*Assignment*. Print exactly the lines below between the line containing "Kedi Tasarımlı Simli" and the line containing "旗袍、红地毯、担花篮,走村、", counting both of those lines. Leave pictures out.

The records Start Marker

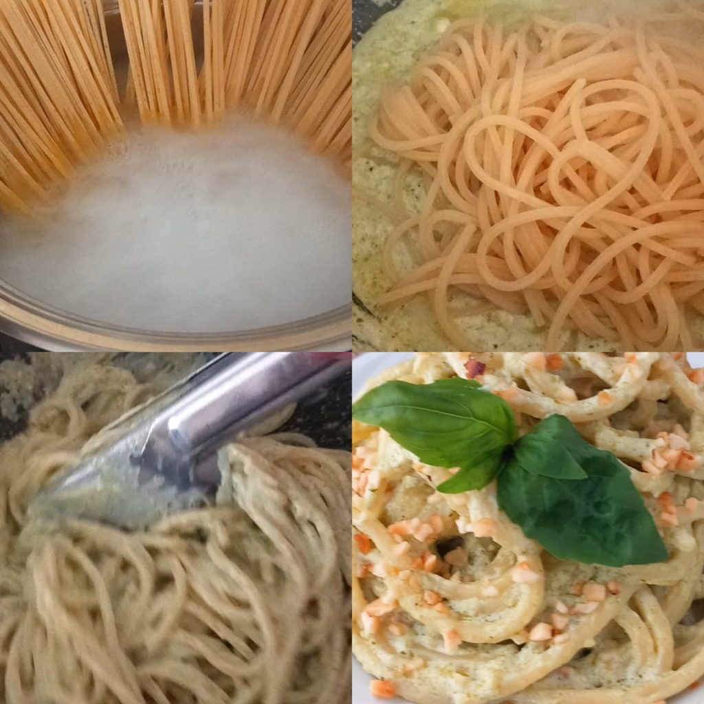 Una vez transcurrido el tiempo de cocción, con una pinza de cocina tomad los espaguetis y sumergidlos directamente en la crema de ricotta, pesto y avellanas.
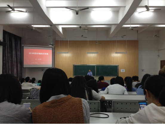 为增强学生的安全防范意识,杜绝校园诈骗案件的发生,4月25日下午,肉漫 保卫科邀请集美学村派出所民警在公教211报告厅为2014级学生开展防诈骗安全知识宣传教育讲座。
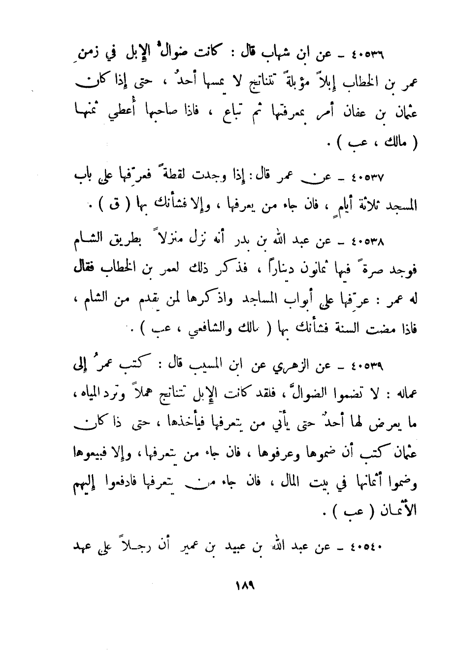 40536- عن ابن شهاب قال: كانت ضوال الإبل في زمن عمر بن الخطاب إبلا مؤبلة تتناتج لا يمسها أحد، حتى إذا كان عثمان بن عفان أمر بمعرفتها ثم تباع، فإذا صاحبها أعطي ثمنها."مالك، عب".
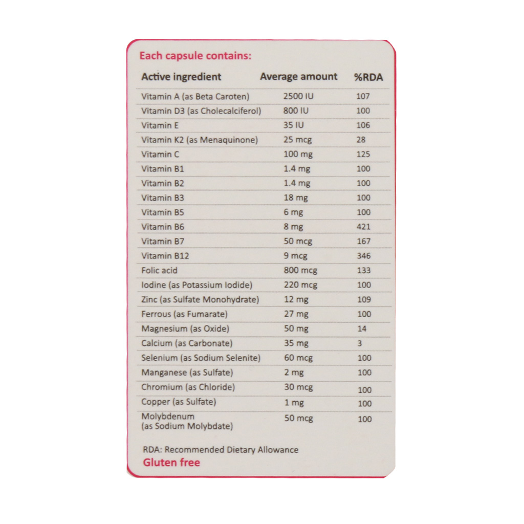 کپسول پریناتال وان ا دی حاوی مواد مغذی، ویتامینها و مواد معدنی لازم برای دوران آمادگی پیش از بارداری، در طول بارداری و در زمان شیردهی است.
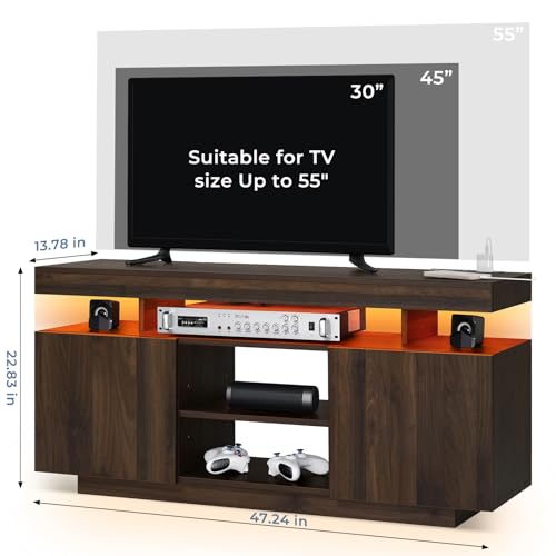【Walnut Entertainment Center】Upgrade your living room with the dark brown TV table measuring 47.24″L x 13.78″W x 22.83″H. The high gloss finish and cool LED lights add a sense of fashion to your space. Suitable for TVs up to 55″, this stand will give your living room a modern and minimalist look
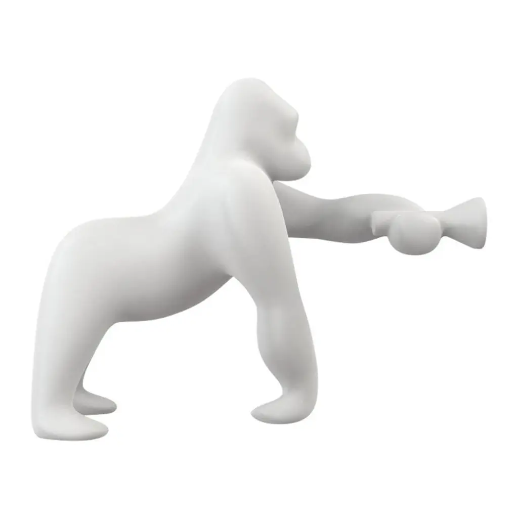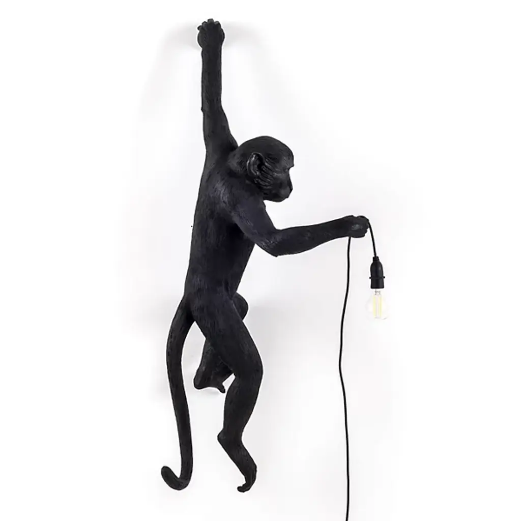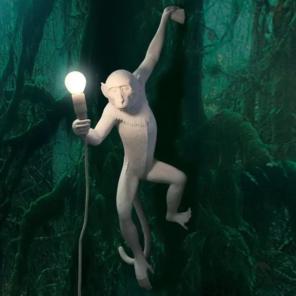 The Seletti Monkey LED Wall Lamp holds a bright torch for comfort and survival, grasping ledges and walls as a friendly curiosity. Composed entirely of resin, the primate has the statuesque quality of a wax sculpture, as if the creature was once very much alive and is now an exhibit in a natural history museum. The light source is hardly primitive—the socket includes a warm LED bulb, illuminating an allegory of innovation to the primal nature of the animal.
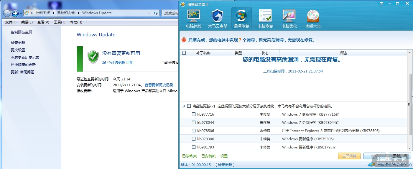 这个问题貌似是老毛病了。卡卡安全助手就有这个问题,现在的瑞星安全助手依然有此问题————WINDOWS update 没提示的补丁,助手依然扫到。一般用户会晕:微软的补丁信息准确,还是瑞星安全助手的补丁信息准确?
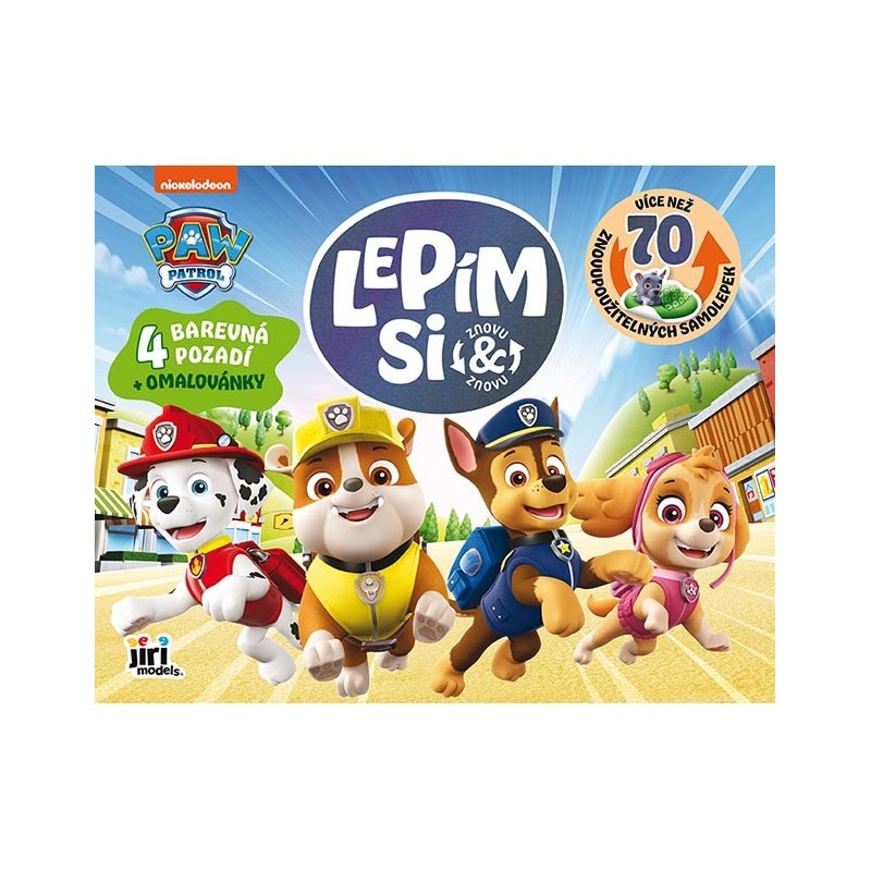Samolepková knížka Lepím si znovu a znovu s oblíbenými hrdiny Tlapkové patroly obsahuje 4 stránky s barevným pozadím, 4 stránky plné opakovaně použitelných samolepek a 8 listů s omalovánkami.
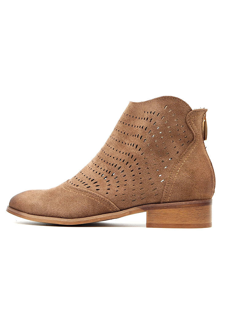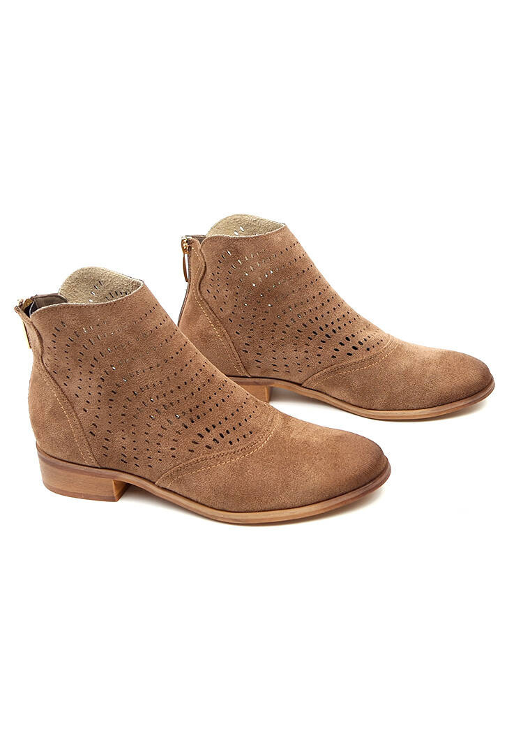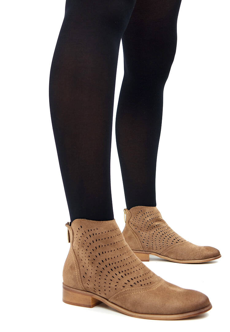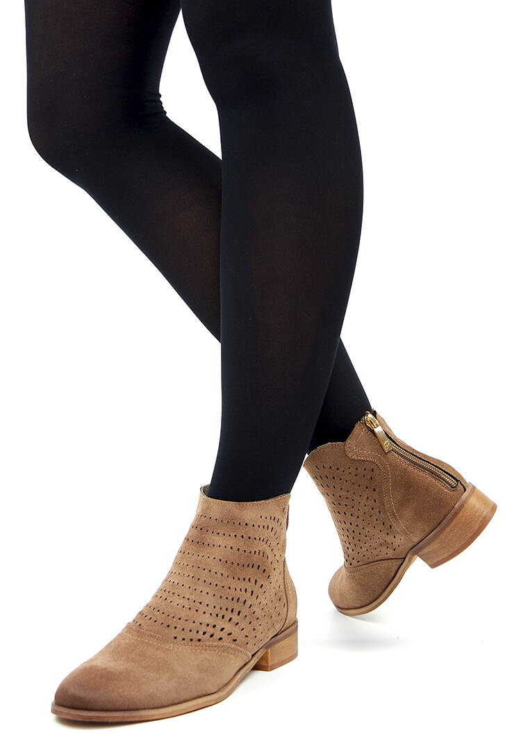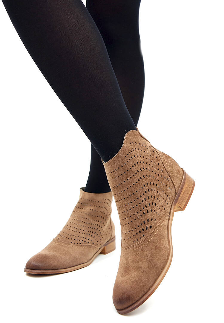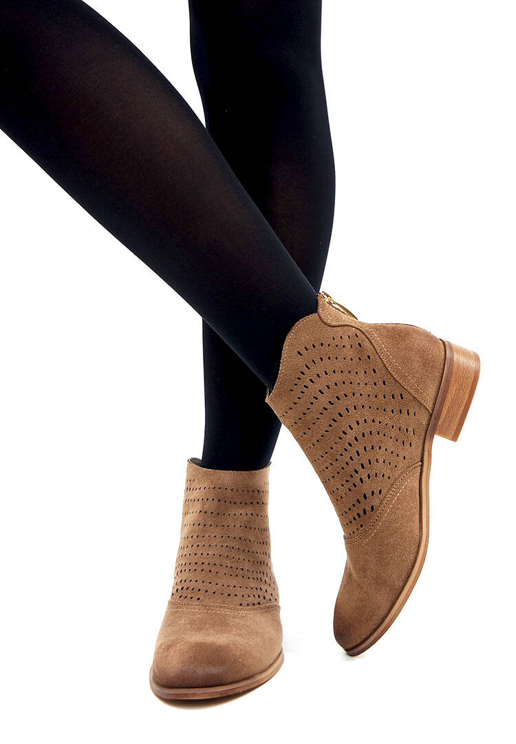 Damskie krótkie botki z modnymi ażurowymi wycięciami. Zapinane na suwak z tyłu buta na pięcie. Wytrzymała podeszwa. But osadzony na niskim klockowym obcasie o wysokości 3 cm. Szerokość u góry cholewki - ok. 29 cm. Długość cholewki ok 10 cm. Produkt renomowanej firmy Potocki. Piękne ażurowe botki na wiosnę. W środku wkładka ze skóry naturalnej. Płaskie damskie botki na każdą okazję.
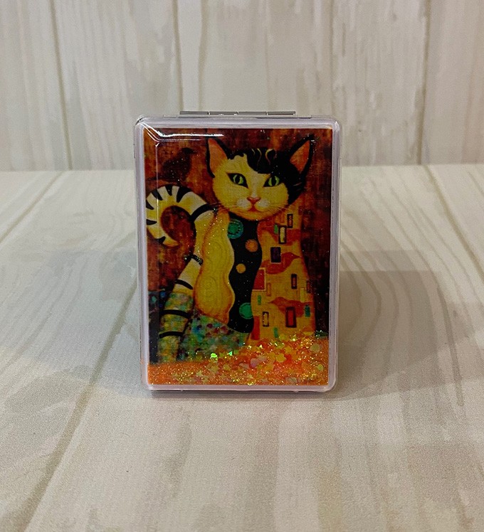 Kedi Tasarımlı Simli Sulu Kapaklı Cep Aynası Model:2
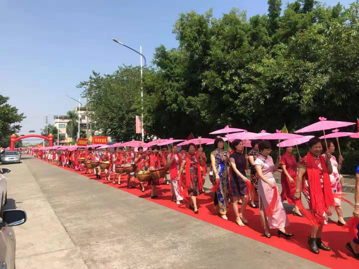 旗袍、红地毯、担花篮,走村、串户、拜祠堂……10月19日,一场特色“出嫁女回娘家,念亲恩拜祠堂”活动企石镇江边村举行,超过1000名身穿靓丽旗袍的妇女队伍在700余年建村史的江边村内走街串户,传统与时尚的融合给这座古村带来别样魅力。
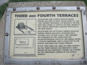 Иллинойская Кахокия-это серия  из 120 земляных  курганов,  расположеных на самой  большой в мире рукотворной площади -6 квадратных миль (15.5 кв. км), недалеко от города Сент-Луис. Самая  большая  земляная конструкция на обоих американских континентах  —  Монашеский курган (Monks mound),- признана мировым  достоянием  и имеет 30 метров в высоту (высота 10-ти этажного дома)  и 255 метров в длину. Монашеский курган был построен во времена расцвета миссиссипийской культуры (650-1350 гг. нашей эры)-скорее всего около 1050 года, а своё название он получил от поселения французских монахов, которые основались в этом районе в 19 веке. Курган построен в форме прямоугольной пирамиды, обращённой на юг, с 4-мя уровнями- террасами.  Площадь основания его  больше  чем  у  пирамиды  Хеопса, но в отличие от египетских пирамид, для  постройки  кургана было использовано около 25 млн. кубометров земли, которую  строители  переносили  в  плетёных  корзинах. Согласно одной из версий, это четырёхъярусное сооружение, вероятно, служило основанием для храма, высота которого могла составлять 15 метров, что делало его видимым изо всех уголков поселения.

The records End Marker

*Answer*.
 Kedi Tasarımlı Simli Sulu Kapaklı Cep Aynası Model:2
 旗袍、红地毯、担花篮,走村、串户、拜祠堂……10月19日,一场特色“出嫁女回娘家,念亲恩拜祠堂”活动企石镇江边村举行,超过1000名身穿靓丽旗袍的妇女队伍在700余年建村史的江边村内走街串户,传统与时尚的融合给这座古村带来别样魅力。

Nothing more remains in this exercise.